“She’s just about to close up the library!”

Jennifer wrote at reel-librarians.com on 21.9.11:

“It’s a wonderful movie, truly. It’s a Wonderful Life…a personal favorite for many, especially as a TV staple at Christmas… The director, Frank Capra, is in top form, as is James Stewart, who displays devastating depth as George Bailey, an ordinary man who aches to be extraordinary. Both deservedly earned Oscar nominations, out of 5 total, including Best Picture.

In the film’s nightmarish second half, George gets a rare second chance to see how life would have been without his presence…And I still find tears in my eyes toward the end when everyone chips in to save good ol’ George Bailey, and when James Stewart whispers, “Attaboy, Clarence” and winks after the bell rings on the Christmas tree…

But…. how do you solve a problem like Mary?

Mary is George’s wife and one true love, played with intelligence and warmth by Donna Reed…Throughout the nightmare he witnesses in the second half — his brother dying, his mother withdrawing into a bitter old woman — it is the scene with his wife that finally gets to him, that breaks him.

And what does Mary become if George is out of the picture? A Spinster Librarian! Sigh.

Her scene as the Spinster Librarian is only about 30 seconds long, but that image continues to haunt librarians…without George, she suddenly loses her sense of style?!… She is so covered up, almost hiding, with the hat and the gloves and the buttoned-up clothes. This image is the stereotypical prototype for all Spinster Librarians. This does make sense, as the Spinster Librarian is one of the character types that heavily rely on stereotypical visual cues:  the severe hairstyle, glasses, and prim clothing.

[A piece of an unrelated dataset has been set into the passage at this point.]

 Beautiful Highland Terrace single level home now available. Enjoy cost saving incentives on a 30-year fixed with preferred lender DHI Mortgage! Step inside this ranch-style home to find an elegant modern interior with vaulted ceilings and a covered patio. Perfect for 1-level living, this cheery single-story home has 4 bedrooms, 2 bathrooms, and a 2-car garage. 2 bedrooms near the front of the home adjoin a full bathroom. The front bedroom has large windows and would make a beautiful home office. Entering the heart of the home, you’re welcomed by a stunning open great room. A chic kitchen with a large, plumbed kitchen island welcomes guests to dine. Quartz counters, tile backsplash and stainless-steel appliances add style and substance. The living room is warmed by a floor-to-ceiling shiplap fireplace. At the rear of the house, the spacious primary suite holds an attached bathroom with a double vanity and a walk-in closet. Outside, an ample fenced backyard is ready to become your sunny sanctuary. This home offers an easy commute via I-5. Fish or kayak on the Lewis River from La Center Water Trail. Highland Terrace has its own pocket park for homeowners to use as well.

But worse than that is the change in Mary’s personality. In the first half, she is warm and funny and sweet. In the second half, she has become shy, furtive, non-trusting, and scared of men. A typical Spinster Librarian, right? (Sigh.) Mary clutches her purse, and finally screams and faints when he declares her to be his wife.

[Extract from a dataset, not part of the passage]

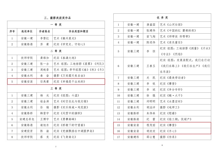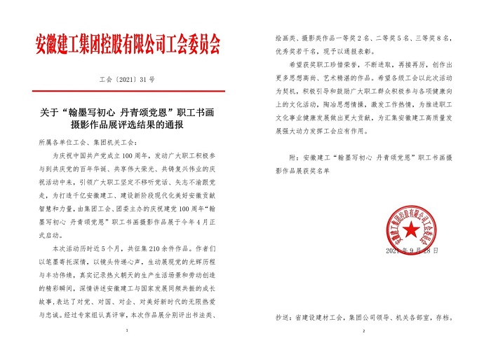 9月29日,集團(tuán)公司工會(huì)通報(bào)了“翰墨寫初心 丹青頌黨恩”職工書畫攝影作品展評(píng)選結(jié)果,安徽安裝公司選送的五幅作品榜上有名。其中馬金鑫的油畫作品《支部建在項(xiàng)目上》榮獲繪畫類一等獎(jiǎng),任禹豪的攝影作品《幸福是干出來(lái)的》榮獲攝影類二等獎(jiǎng),化范寶的硬筆書法作品《沁園春·雪》和程茂麗的攝影作品《攀登》、胡欣欣的攝影作品《齊心》分別榮獲書法類優(yōu)秀獎(jiǎng)和攝影類優(yōu)秀獎(jiǎng)。

Clarence telegraphs the change in Mary:  “You’re not going to like it, George. She’s an old maid. She’s just about to close up the library!”

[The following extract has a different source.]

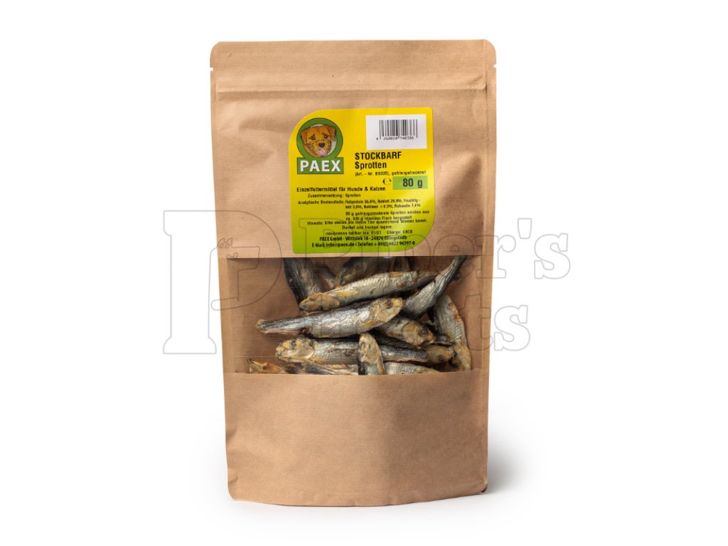 PAEX – Mrazom sušené rybky sú celé šproty sušené lyofilizáciou, ktorá zachováva všetky dôležité živiny, prirodzenú arómu aj chuť čerstvých rýb. Ide o výživnú, energeticky bohatú BARF maškrtu s vysokým obsahom omega-3 mastných kyselín, ktoré podporujú zdravú pokožku, srsť, mozgové funkcie a imunitný systém. Vhodné pre psov aj mačky všetkých plemien.

What’s so disturbing about this scene — again, only about 30 seconds long! — is the uncomfortable undertones of this scene (at least for librarians). That without men in our lives, the ultimate nightmare for women is… to become “old maid” librarians?! That if we get married, we are spared from this oh-so-terrible fate? Again, sigh.

I know this scene is taken to extremes for the sake of the plot. George is near breaking point, and he needs a shock to get him to appreciate life again. And Mary becoming an “old maid” highlights the point that they are each other’s true loves — that without the other, they are not truly whole. Plot-wise, this scene makes sense. But emotionally, as a librarian, it is hard to swallow.

So this movie will continue to be a personal favorite — but a personal favorite with an asterisk.”